> **EXERCISE DESCRIPTION**:
Using the data that follows, give again word for word the lines between the one holding "07520tgVDVD CERTIFICAZIONE S3" and the one holding "1. Detail zavlhčení", inclusive. Omit the pictures.

[DATA FOR THE TASK Boundary: Start]

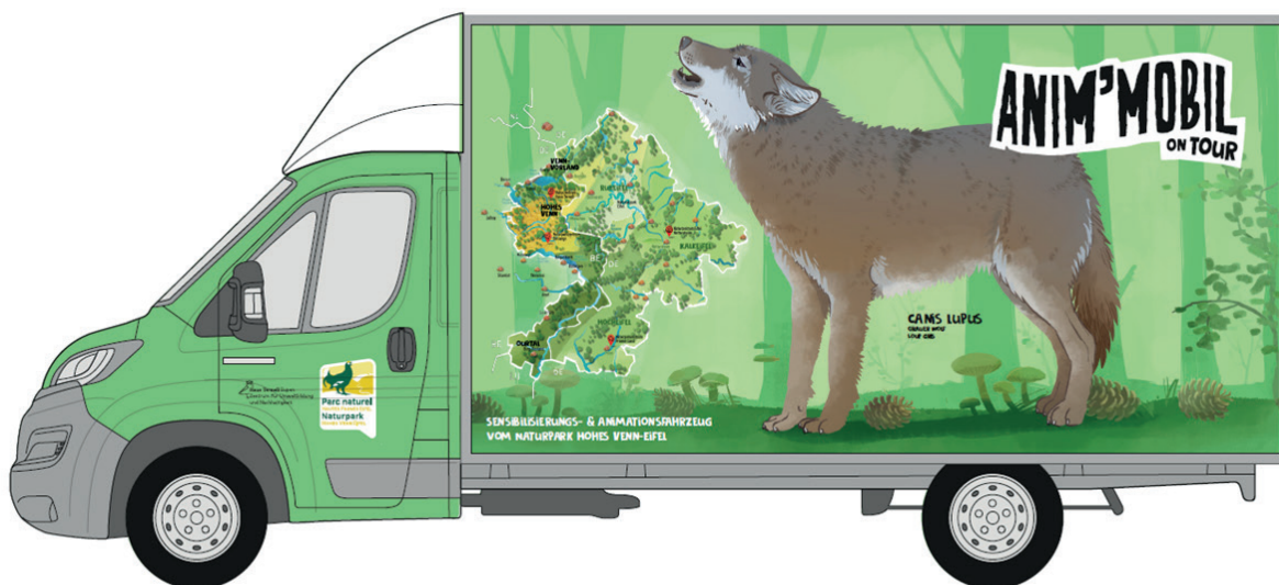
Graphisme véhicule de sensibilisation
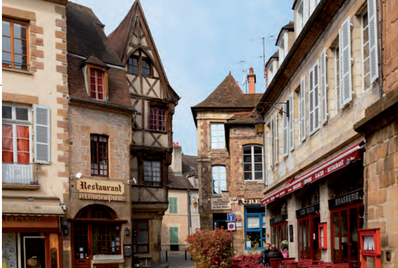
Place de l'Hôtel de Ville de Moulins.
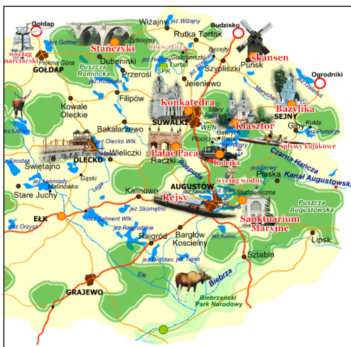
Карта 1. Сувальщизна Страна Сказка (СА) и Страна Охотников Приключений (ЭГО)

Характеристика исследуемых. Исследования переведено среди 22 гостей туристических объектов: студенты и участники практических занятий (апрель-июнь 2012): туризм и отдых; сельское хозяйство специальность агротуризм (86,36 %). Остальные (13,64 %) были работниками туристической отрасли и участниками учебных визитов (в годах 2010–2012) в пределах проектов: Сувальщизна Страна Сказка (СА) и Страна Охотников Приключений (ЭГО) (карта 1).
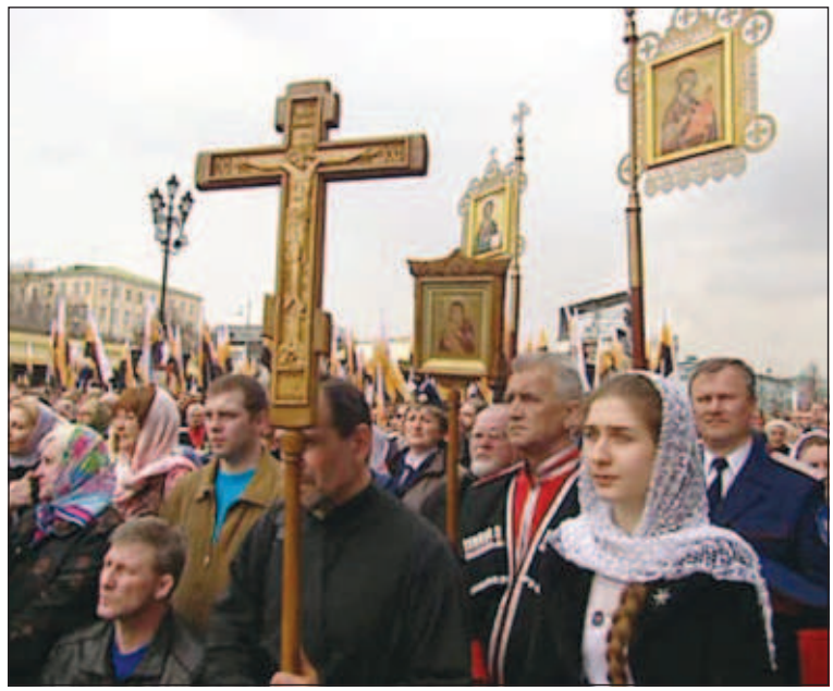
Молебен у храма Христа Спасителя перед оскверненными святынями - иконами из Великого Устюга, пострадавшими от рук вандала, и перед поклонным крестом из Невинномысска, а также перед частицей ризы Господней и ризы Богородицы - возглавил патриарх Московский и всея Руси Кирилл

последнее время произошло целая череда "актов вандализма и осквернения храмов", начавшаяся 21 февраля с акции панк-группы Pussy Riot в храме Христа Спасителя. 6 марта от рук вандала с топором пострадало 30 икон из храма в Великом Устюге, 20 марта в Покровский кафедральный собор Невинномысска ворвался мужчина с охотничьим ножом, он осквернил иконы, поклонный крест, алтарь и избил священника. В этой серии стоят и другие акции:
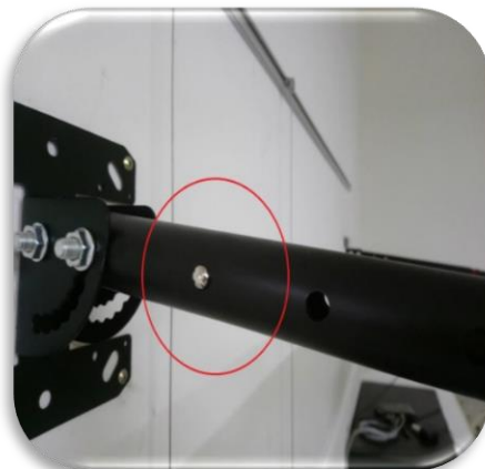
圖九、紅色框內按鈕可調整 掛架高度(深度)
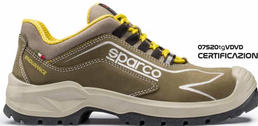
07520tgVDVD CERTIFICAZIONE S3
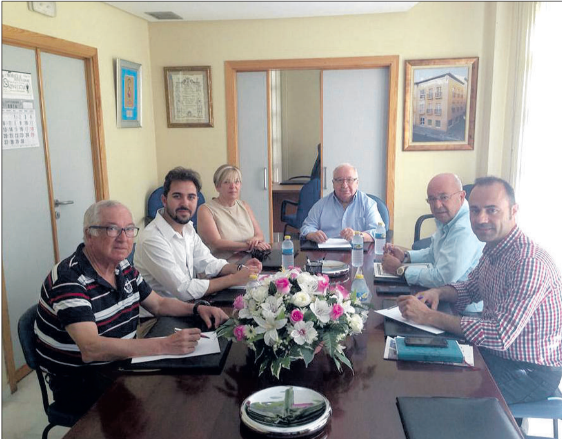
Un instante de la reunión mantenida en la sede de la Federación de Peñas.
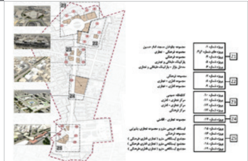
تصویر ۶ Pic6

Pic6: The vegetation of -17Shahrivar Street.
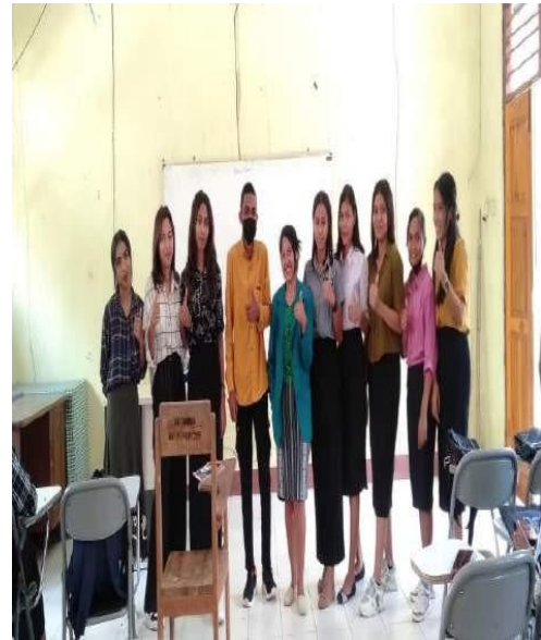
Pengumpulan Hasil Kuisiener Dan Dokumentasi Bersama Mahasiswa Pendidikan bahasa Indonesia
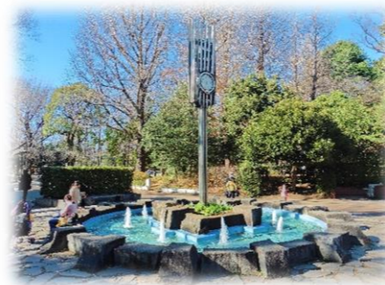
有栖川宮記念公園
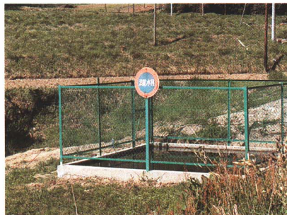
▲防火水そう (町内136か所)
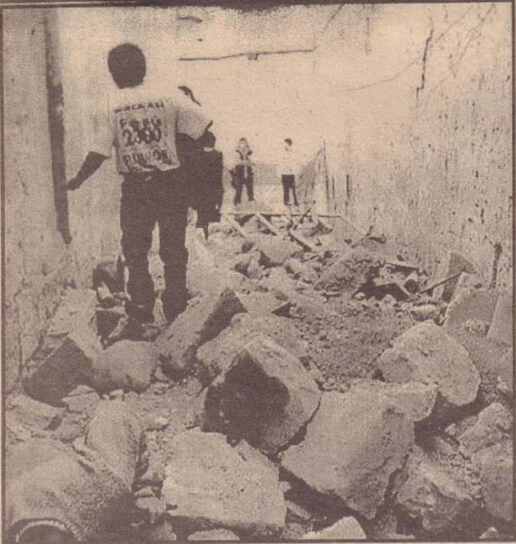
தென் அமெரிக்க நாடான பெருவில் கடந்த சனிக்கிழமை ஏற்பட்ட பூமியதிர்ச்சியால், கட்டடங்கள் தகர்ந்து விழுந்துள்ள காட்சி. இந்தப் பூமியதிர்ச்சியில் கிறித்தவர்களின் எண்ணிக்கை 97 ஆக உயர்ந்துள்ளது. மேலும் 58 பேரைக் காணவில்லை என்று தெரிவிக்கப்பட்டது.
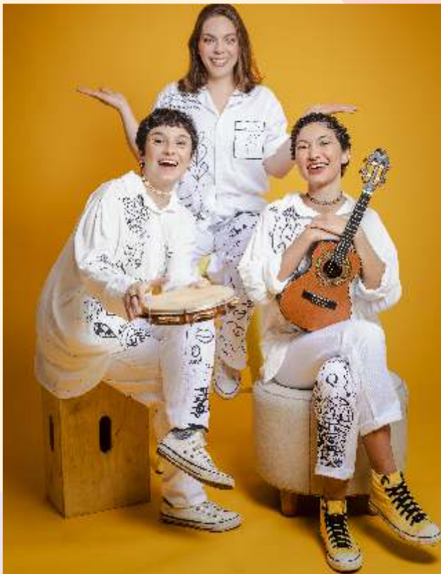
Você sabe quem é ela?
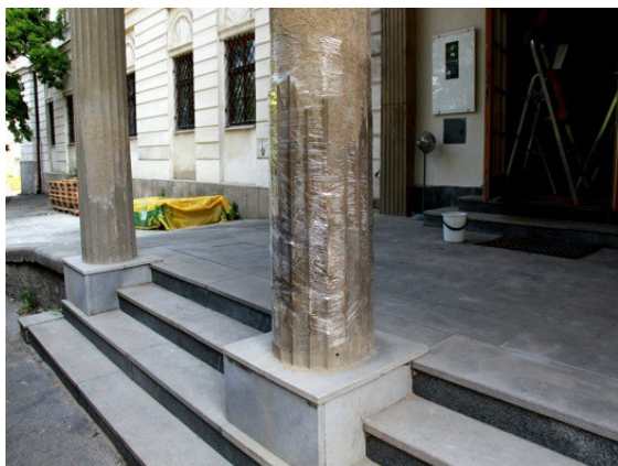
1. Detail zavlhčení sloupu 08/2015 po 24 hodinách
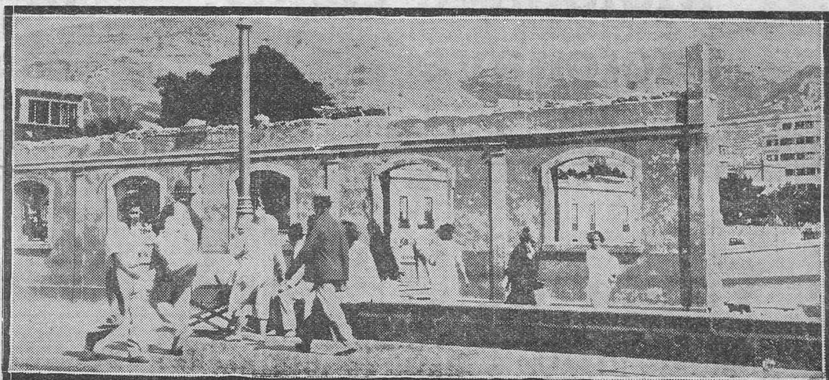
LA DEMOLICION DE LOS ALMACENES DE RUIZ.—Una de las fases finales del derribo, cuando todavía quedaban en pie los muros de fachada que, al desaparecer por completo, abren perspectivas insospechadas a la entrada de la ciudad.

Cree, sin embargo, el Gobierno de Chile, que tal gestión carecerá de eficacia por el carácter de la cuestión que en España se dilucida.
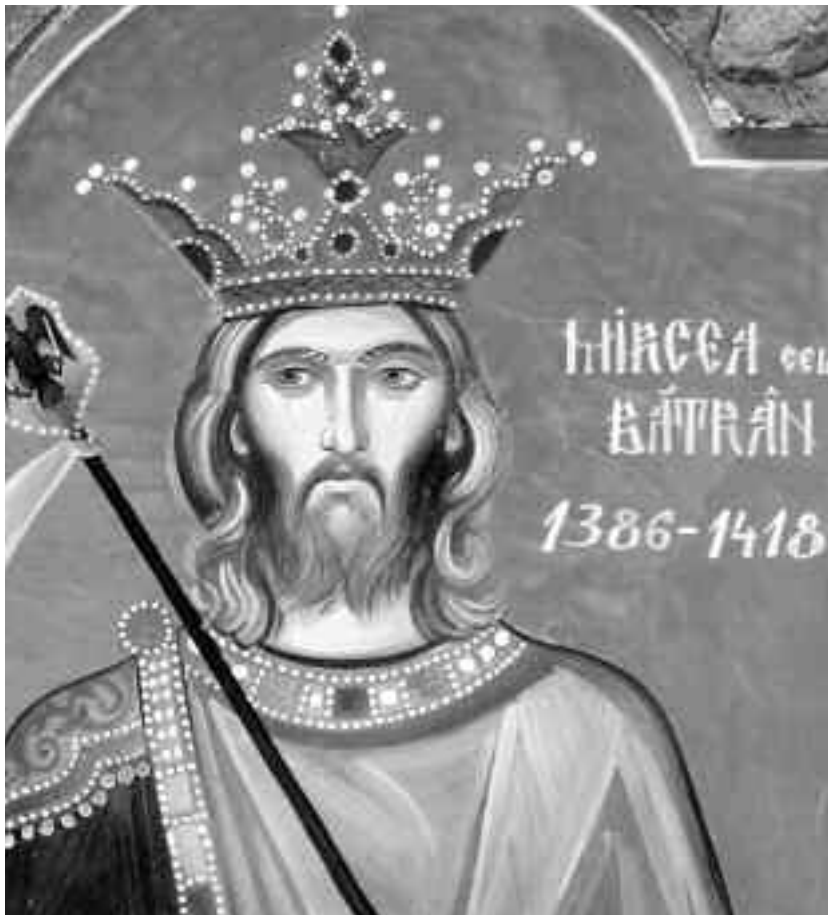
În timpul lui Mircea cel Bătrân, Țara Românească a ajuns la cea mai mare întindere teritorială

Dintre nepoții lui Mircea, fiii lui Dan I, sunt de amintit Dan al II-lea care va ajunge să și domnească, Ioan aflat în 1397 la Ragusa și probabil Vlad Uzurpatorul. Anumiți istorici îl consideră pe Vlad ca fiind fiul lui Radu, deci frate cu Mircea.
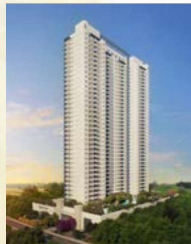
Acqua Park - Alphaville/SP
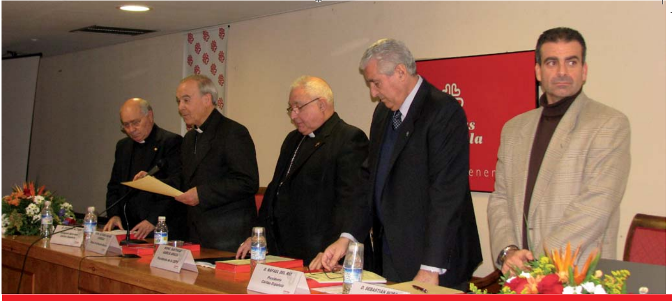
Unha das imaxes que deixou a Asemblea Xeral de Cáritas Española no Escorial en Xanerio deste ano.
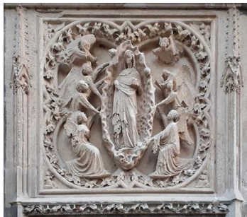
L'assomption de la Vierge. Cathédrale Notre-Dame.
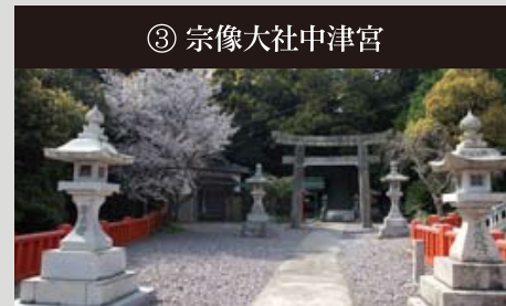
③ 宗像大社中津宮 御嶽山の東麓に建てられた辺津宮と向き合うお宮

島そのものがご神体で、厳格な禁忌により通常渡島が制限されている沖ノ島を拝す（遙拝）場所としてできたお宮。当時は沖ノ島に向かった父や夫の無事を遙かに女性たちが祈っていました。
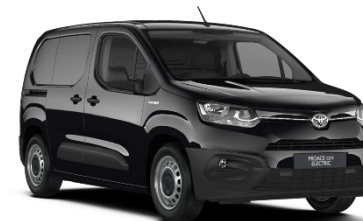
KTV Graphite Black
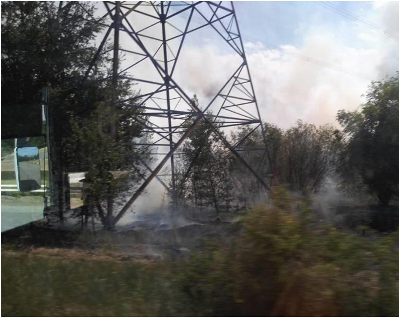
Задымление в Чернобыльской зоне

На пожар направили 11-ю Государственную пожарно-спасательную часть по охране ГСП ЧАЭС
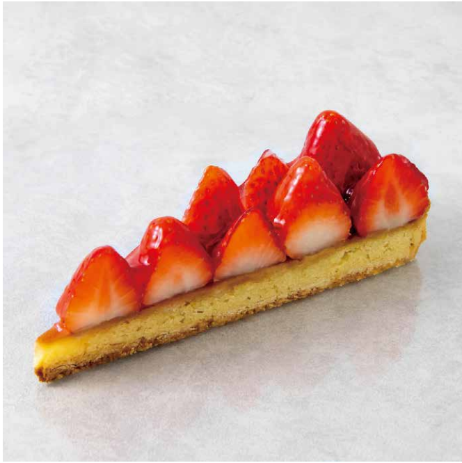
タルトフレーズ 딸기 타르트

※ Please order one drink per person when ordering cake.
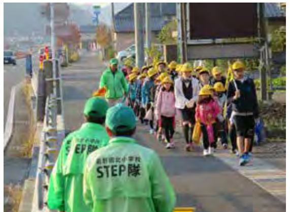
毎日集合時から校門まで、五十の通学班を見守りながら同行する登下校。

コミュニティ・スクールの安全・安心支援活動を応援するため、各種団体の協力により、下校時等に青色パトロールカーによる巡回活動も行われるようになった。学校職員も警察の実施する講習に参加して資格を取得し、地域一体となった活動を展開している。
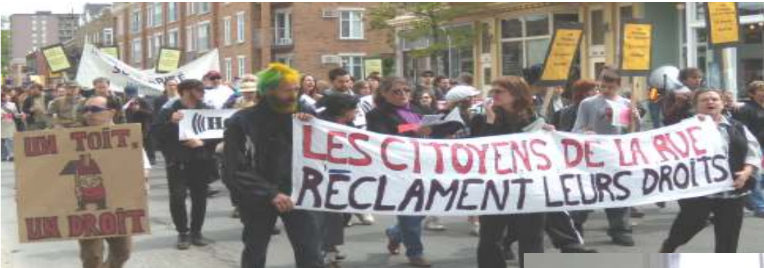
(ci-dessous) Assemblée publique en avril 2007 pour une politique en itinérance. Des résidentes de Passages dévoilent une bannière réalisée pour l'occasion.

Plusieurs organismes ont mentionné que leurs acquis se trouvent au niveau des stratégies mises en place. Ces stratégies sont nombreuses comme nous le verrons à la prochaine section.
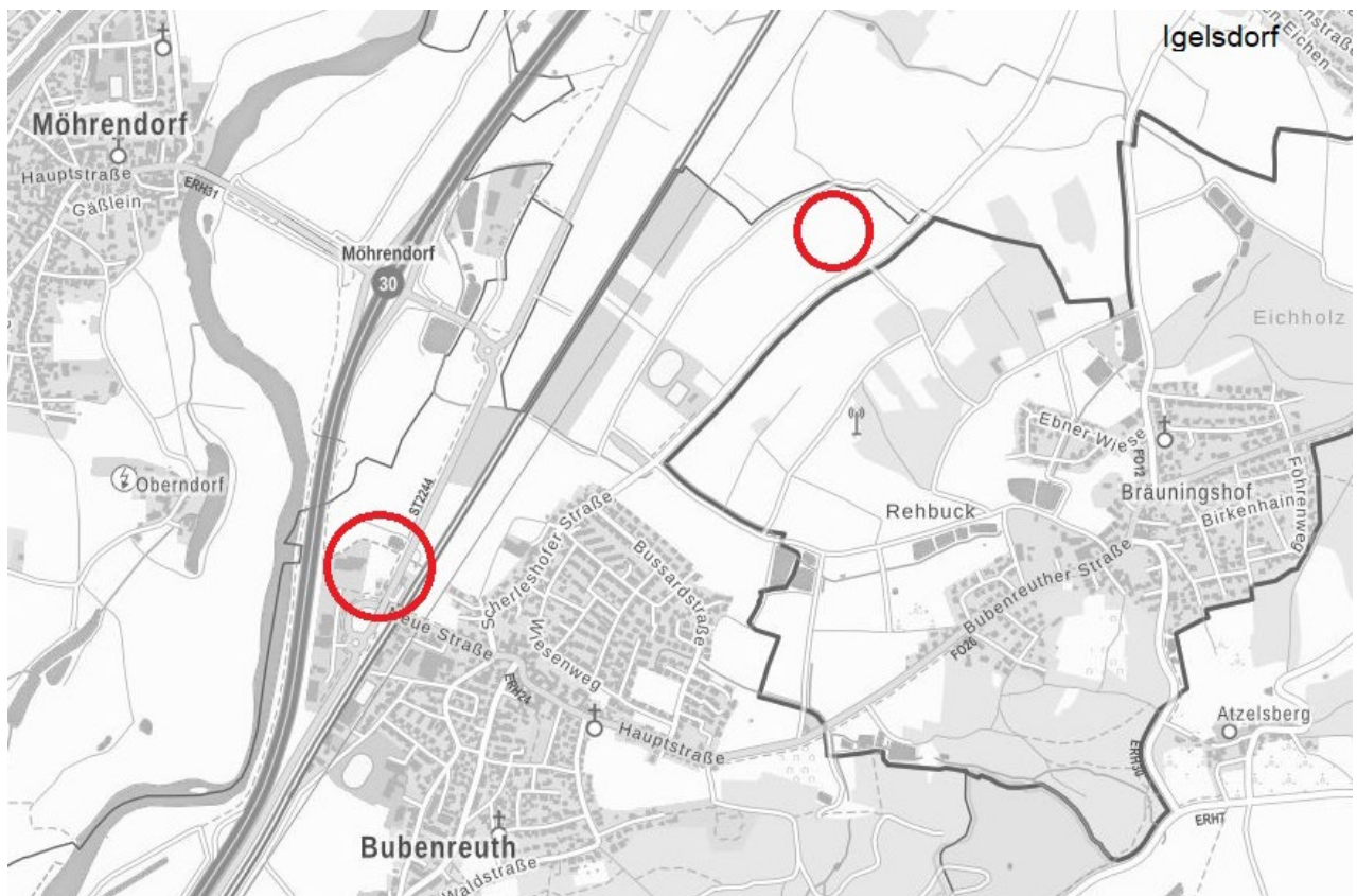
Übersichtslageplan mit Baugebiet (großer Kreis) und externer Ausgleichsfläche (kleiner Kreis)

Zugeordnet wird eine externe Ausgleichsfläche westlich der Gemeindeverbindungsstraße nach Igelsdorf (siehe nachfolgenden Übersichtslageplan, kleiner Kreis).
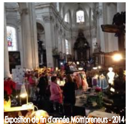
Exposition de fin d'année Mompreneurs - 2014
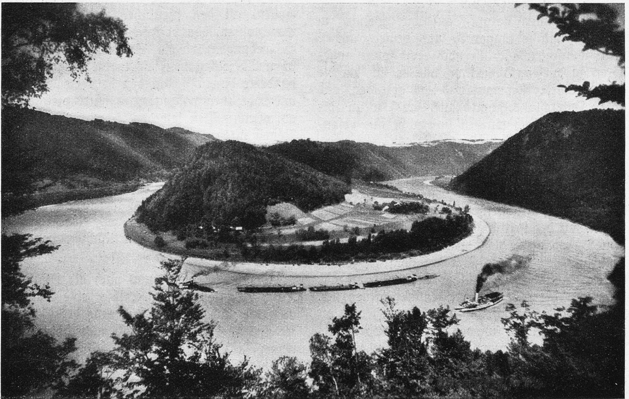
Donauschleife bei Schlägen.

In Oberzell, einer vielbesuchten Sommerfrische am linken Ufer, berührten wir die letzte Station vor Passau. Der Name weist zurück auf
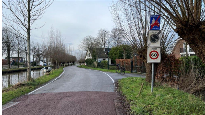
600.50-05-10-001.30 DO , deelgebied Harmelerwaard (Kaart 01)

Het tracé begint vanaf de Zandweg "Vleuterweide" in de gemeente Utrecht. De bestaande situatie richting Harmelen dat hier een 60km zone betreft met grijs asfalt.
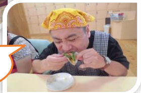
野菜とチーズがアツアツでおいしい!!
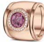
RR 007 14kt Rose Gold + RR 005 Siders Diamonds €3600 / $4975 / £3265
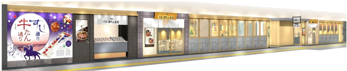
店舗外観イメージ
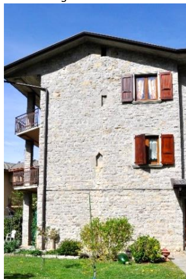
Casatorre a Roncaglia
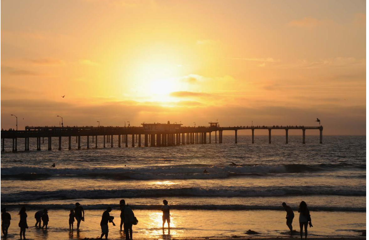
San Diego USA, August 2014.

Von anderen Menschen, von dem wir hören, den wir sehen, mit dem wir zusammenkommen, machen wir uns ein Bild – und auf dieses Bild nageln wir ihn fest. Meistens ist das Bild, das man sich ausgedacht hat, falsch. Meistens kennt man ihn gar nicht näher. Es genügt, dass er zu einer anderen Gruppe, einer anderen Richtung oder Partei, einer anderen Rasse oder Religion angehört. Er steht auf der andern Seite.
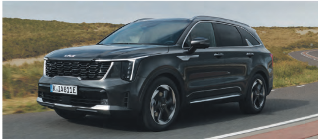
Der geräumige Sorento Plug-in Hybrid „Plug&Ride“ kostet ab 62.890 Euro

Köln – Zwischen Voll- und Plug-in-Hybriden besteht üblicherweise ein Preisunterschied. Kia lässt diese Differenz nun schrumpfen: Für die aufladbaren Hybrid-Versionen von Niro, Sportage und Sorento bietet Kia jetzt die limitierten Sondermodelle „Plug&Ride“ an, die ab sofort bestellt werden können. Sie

[DATA FOR THE TASK Boundary: End]

> **ANSWER TO THIS PROBLEM**:
07520tgVDVD CERTIFICAZIONE S3
Un instante de la reunión mantenida en la sede de la Federación de Peñas.
تصویر ۶ Pic6

Pic6: The vegetation of -17Shahrivar Street.
Pengumpulan Hasil Kuisiener Dan Dokumentasi Bersama Mahasiswa Pendidikan bahasa Indonesia
有栖川宮記念公園
▲防火水そう (町内136か所)
தென் அமெரிக்க நாடான பெருவில் கடந்த சனிக்கிழமை ஏற்பட்ட பூமியதிர்ச்சியால், கட்டடங்கள் தகர்ந்து விழுந்துள்ள காட்சி. இந்தப் பூமியதிர்ச்சியில் கிறித்தவர்களின் எண்ணிக்கை 97 ஆக உயர்ந்துள்ளது. மேலும் 58 பேரைக் காணவில்லை என்று தெரிவிக்கப்பட்டது.
Você sabe quem é ela?
1. Detail zavlhčení sloupu 08/2015 po 24 hodinách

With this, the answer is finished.